_Aim of the exercise_
When you find the line with "Säljer en grå" among the records below, reproduce it and each line after it exactly, ending with the line with "- Legg kompasset".

(Beginning of Records provided)

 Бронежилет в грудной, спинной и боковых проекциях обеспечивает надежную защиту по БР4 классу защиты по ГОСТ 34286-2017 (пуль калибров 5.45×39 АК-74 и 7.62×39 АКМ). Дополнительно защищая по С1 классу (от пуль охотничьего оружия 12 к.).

(End of Records provided)
(Beginning of Records provided)

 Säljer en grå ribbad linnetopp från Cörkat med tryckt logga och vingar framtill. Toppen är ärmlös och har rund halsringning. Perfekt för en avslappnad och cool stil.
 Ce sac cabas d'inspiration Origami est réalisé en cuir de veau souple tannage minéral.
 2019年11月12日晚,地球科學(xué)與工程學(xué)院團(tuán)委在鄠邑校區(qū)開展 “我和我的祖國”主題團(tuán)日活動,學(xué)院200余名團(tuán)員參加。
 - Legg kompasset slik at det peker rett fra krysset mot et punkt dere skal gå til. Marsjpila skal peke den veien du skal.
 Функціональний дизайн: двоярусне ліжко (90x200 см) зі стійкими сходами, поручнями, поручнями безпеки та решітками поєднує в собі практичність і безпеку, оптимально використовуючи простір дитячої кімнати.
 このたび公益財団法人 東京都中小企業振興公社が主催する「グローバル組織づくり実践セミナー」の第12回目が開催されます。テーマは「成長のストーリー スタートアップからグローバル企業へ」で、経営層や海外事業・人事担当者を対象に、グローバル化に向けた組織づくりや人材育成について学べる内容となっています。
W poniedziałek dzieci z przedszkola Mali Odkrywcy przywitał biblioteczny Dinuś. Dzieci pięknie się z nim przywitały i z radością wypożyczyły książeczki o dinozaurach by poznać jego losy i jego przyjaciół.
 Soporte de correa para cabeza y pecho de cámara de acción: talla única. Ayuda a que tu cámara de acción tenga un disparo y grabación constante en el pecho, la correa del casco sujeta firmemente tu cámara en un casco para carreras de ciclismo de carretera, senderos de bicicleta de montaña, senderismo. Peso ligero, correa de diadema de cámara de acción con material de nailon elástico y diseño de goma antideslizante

(End of Records provided)

_Exercise output_
 Säljer en grå ribbad linnetopp från Cörkat med tryckt logga och vingar framtill. Toppen är ärmlös och har rund halsringning. Perfekt för en avslappnad och cool stil.
 Ce sac cabas d'inspiration Origami est réalisé en cuir de veau souple tannage minéral.
 2019年11月12日晚,地球科學(xué)與工程學(xué)院團(tuán)委在鄠邑校區(qū)開展 “我和我的祖國”主題團(tuán)日活動,學(xué)院200余名團(tuán)員參加。
 - Legg kompasset slik at det peker rett fra krysset mot et punkt dere skal gå til. Marsjpila skal peke den veien du skal.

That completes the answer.